Activity — Please give back exactly the line with "Election Time, Bulgaria. Jan 1995" and each line after it through the end of the material, leaving out the pictures.

Stored data —
--- START ---

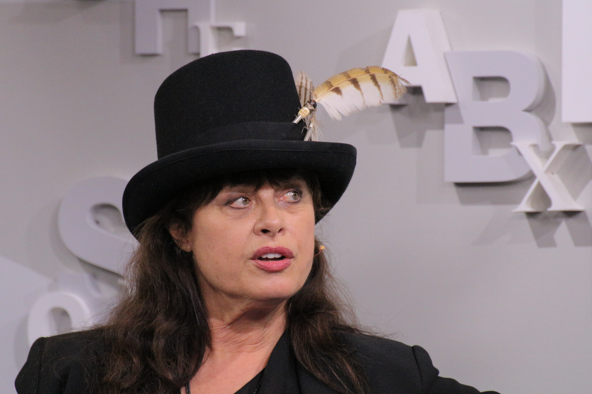 Uschi Obermaier presenting her autobiography on the blue sofa at the 2013 Frankfurt Book Fair
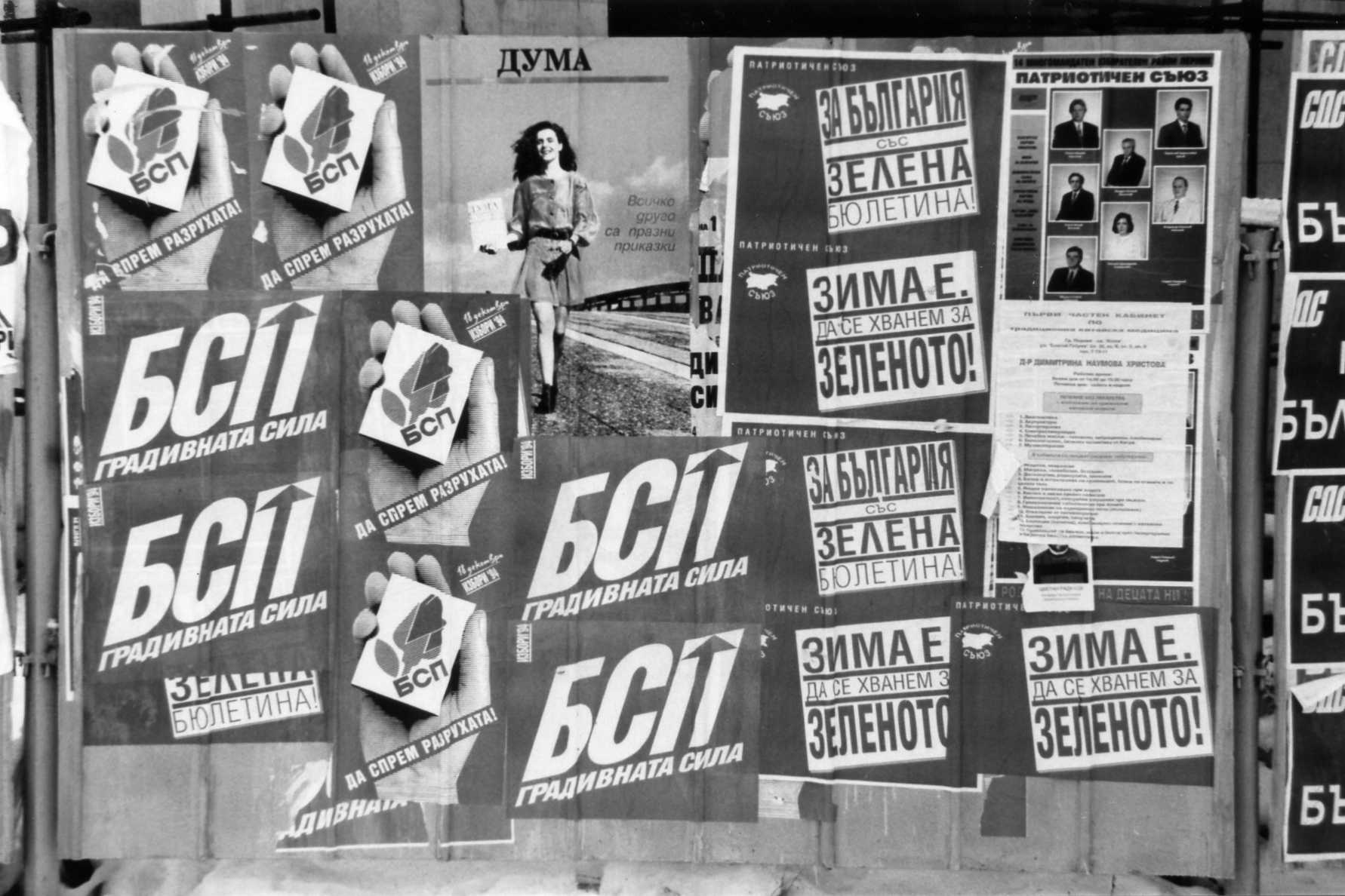 Election Time, Bulgaria. Jan 1995
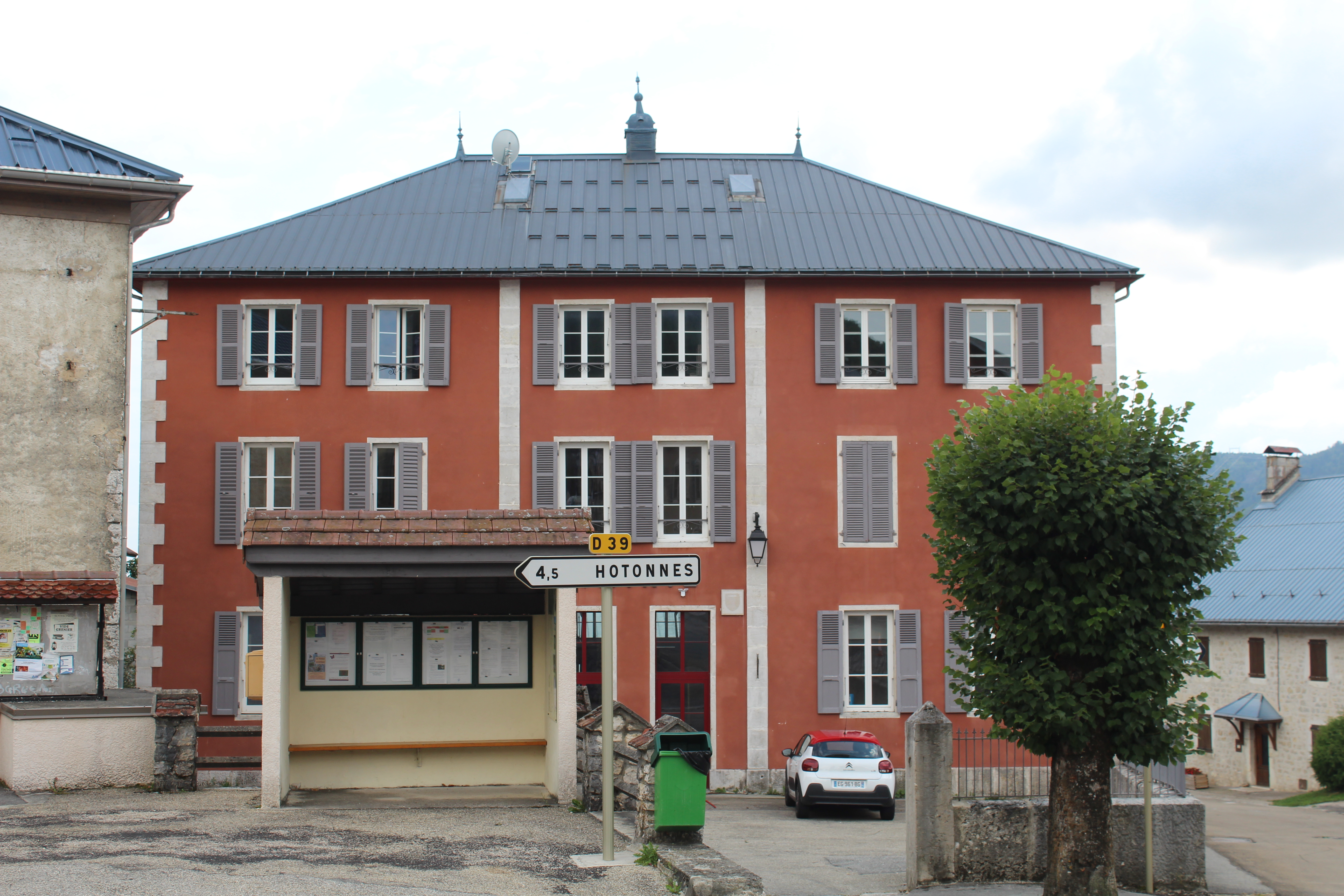 Unknown language: Mairie du Grand-Abergement, Haut-Valromey.

--- END ---

Response to this exercise —
 Election Time, Bulgaria. Jan 1995
 Unknown language: Mairie du Grand-Abergement, Haut-Valromey.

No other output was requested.